Tijolaço
Por: Miguel do Rosário
A morte de Luiz Gushiken representa o ponto final de uma existência coroada de vitórias, mas que teve de enfrentar, em seus últimos momentos, os inimigos mais terríveis do homem.
De um lado, o câncer, essa doença cuja principal característica é a forma lenta e cruel com que degrada e humilha o corpo humano.
De outro, a infâmia, que tanto mais tortura e corrói um espírito quanto maior sua nobreza.
Gushiken faleceu nesta sexta-feira, 13 de agosto de 2013, em São Paulo, após 12 anos combatendo um câncer de intestino.
Figura-chave em todas as eleições de Lula, Gushiken era um dos cérebros mais brilhantes do Partido dos Trabalhadores. Fundador do PT, sindicalista, deputado federal, coordenou as campanhas de Lula de 1989 e 1998, e foi o primeiro dirigente da Secom da era petista.
Gushiken sempre acreditou num diálogo democrático com a oposição, e pagou caro por um cavalheirismo quase inocente. Arrolado nas primeiras acusações do mensalão, o petista se viu no meio do mais escandaloso e atrevido (para citar a expressão de Gurgel) processo de difamação e calúnia já empreendido pela grande mídia contra quem ela considera seus inimigos ideológicos.

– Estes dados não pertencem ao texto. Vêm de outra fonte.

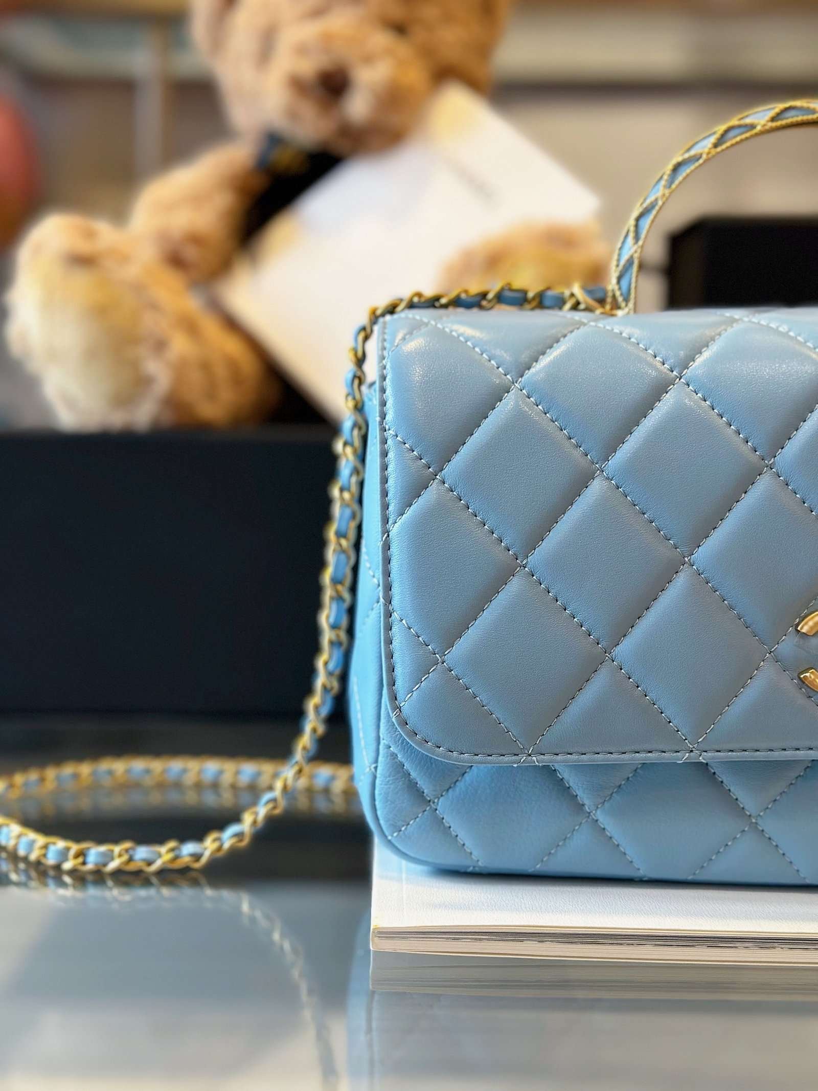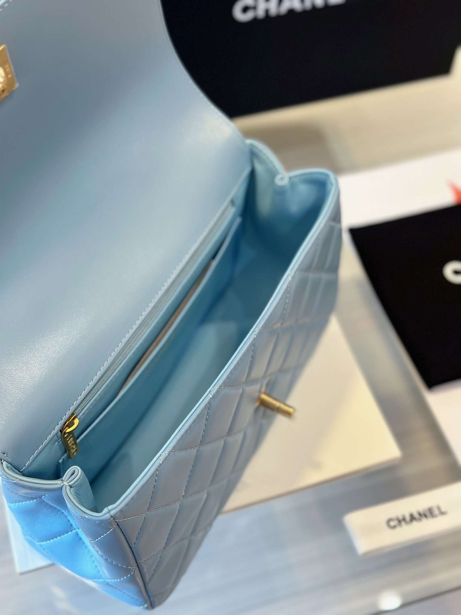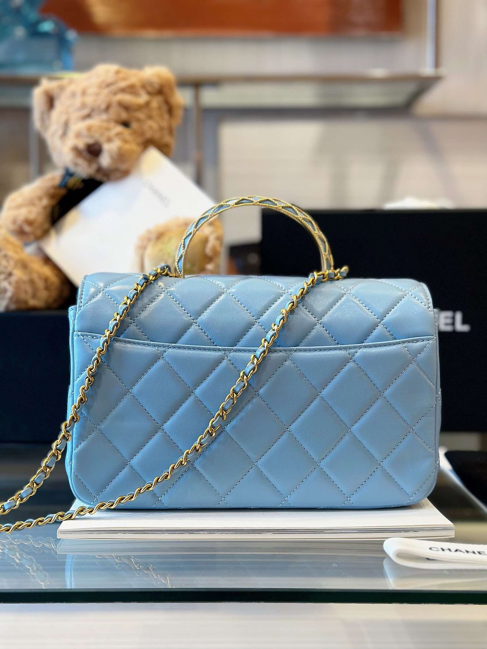 Chanel Coco Mini Handbag Like Auth Blue Smooth Leather With Lock Gold 22x21cm - LuxuryRepBags

Depois de anos de tortura midiática, Gushiken foi absolvido pelo Supremo Tribunal Federal logo nas primeiras sessões do julgamento da Ação Penal 470.
Talvez o Brasil tenha que esperar alguns anos para descobrir que seus verdadeiros heróis políticos, os mais honrados, não eram aqueles incensados pela mídia.

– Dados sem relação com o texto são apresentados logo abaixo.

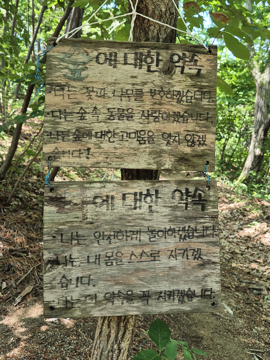"꽃과 나무를 보호하고 숲 속 동물을 사랑하고 숲의 고마움을 잊지 않겠다"는 숲에 대한 약속의 글인데요. 무심코 지날 수 있지만 꼭 지켜야 할 글이니 한 번쯤 읽어보시면 좋을 것 같아요.

Muitas vezes, as pessoas não entendem o fenômeno Lula. Como pode um ex-metalúrgico, de pouca instrução, ter conseguido vencer adversários tão poderosos e se tornar um dos estadistas mais admirados do mundo? E de maneira pacífica e democrática, sem levar adiante nenhuma dessas revoluções sangrentas que degeneram em décadas de instabilidade política?
Por trás dessa vitória, lá estava o “china”, demonstrando que a inteligência pode vencer poderosas máquinas eleitorais, desde que associada à disciplina e à integridade moral.
Talvez não esteja distante o dia em que os brasileiros saberão distinguir os personagens que não apenas lutaram contra a ditadura, mas que empreenderam uma batalha ainda mais complexa: a experiência concreta da democracia, com suas lutas intra-partidárias, suas eleições, e o equilíbrio sutil entre a busca da estabilidade política e a necessidade de romper com séculos de egoísmo e insensibilidade governamental.
A morte de Gushiken encerra um ciclo triste da história política contemporânea. Um período no qual a classe política e os partidos se encontravam totalmente vulneráveis a uma mídia que emergiu agigantada do processo de transição democrática.
A campanha de difamação contra Gushiken, da maneira que foi conduzida nos primeiros anos do escândalo do mensalão, teria dificuldades para se repetir hoje. As redes sociais e a blogosfera exerceriam um contraponto, e um quadro sólido como Gushiken poderia sair maior do que entrou.
A história se encarregará de reposicionar as coisas em seus devidos lugares.
Gushiken agora repousa longe das sujas e traiçoeiras lides da política. Afinal, como dizia Bashô, um dos maiores poetas do Japão: “de tempos em tempos / as nuvens dão um descanso / aos contempladores da lua.”